What about the bagel? Most people assume that a bagel is a better breakfast choice than a donut. And, if you were thinking about the fat intake, your assumption would be correct. But if you were concerned about blood sugar spikes and carbohydrate intake, you would be dead wrong. A Krispe Kreme glazed donut has 22 carbohydrate grams. A Panera Bread Whole Grain Bagel contains 66 grams. I’m not advocating a diet filled with yummy donuts; rather I am advocating that people be aware of what is in the food they eat. Who would have thought?

The cream cheese has only 2 carbohydrate grams, so its effect on blood sugar will be minimal.
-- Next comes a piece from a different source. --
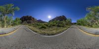 A motorcyclist rides along a winding mountain road, surrounded by breathtaking natural scenery. The clear sky and sunshine illuminate the rugged landscape, showcasing the diverse flora and vegetation of this wilderness area.
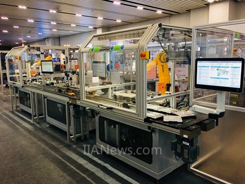 該示范線針對(duì)廣東省制造業(yè)的特點(diǎn),結(jié)合最新的工業(yè)4.0理念,反映了工業(yè)4.0中創(chuàng)新的生產(chǎn)過程和制造模式。示范線由訂單體驗(yàn)中心、物流倉(cāng)儲(chǔ)、機(jī)器裝配、個(gè)性定制、3D打印、檢測(cè)總裝及包裝貼標(biāo)等單元組成,運(yùn)用了工業(yè)機(jī)器人、3D打印、RFID系統(tǒng)、工業(yè)模擬仿真、激光制導(dǎo)AGV、生產(chǎn)制造執(zhí)行管理系統(tǒng)MES等先進(jìn)的生產(chǎn)要素,實(shí)現(xiàn)了智能3C產(chǎn)品的生產(chǎn)、裝配、定制、檢測(cè)、運(yùn)輸及倉(cāng)儲(chǔ),充分體現(xiàn)了融合IT的自動(dòng)化技術(shù)、工業(yè)互聯(lián)網(wǎng)的應(yīng)用、多外形產(chǎn)品的混線生產(chǎn)、客制化小批量產(chǎn)品的制造、能耗跟蹤管理及生產(chǎn)過程的數(shù)字化與信息化。

Depending upon the choice of fruit, the effects on blood sugar can vary between minimal and significant. A high-fiber apple contains 23 carbohydrate grams but it will only slowly raise blood sugar due to all the fiber it also contains. Fiber slows down the rate at which the body digests the food, thereby slowing down the release of sugar into the blood stream. A cup of grapes has very little fiber and 15 carb grams. Though the carbohydrate count is lower, the grapes will likely cause a faster blood sugar spike due to their low fiber content.
The bottom line: A glass of orange juice with a bagel and some grapes will pump about 110 grams of carbohydrate into you system. If you don’t have diabetes, then your blood sugar will probably only spike marginally before your pancreas produces enough insulin to allow the sugar to be absorbed and used where it is needed. If you have diabetes, your artificial insulin will do the same, but it will likely take it more time. The result will be a significant rise in blood sugar and, as we have discussed, such highs take their toll on your body and your overall health. 110 carbohydrate grams is approximately 1/3 of an average adult’s daily-recommended intake – breakfast is usually a person’s lightest meal of the day.

We usually don’t have juice and bagels for breakfast.

What do we eat? A typical breakfast is oatmeal (steel cut oats – whole grain – to slow the rate at which the carbohydrates are converted by the body into sugar and thereby prevent a large blood sugar spike after the meal); in the oatmeal are some cut-up bits of sausage (no carbohydrates but plenty of protein) and some raisins (for flavor). Served with the oatmeal is almost always some sort fruit (a peach, strawberries, or cantaloupe). The carbohydrate count might be comparable to a cereal breakfast, but it will contain more fiber and some protein to slow the carbohydrate-to-sugar conversion.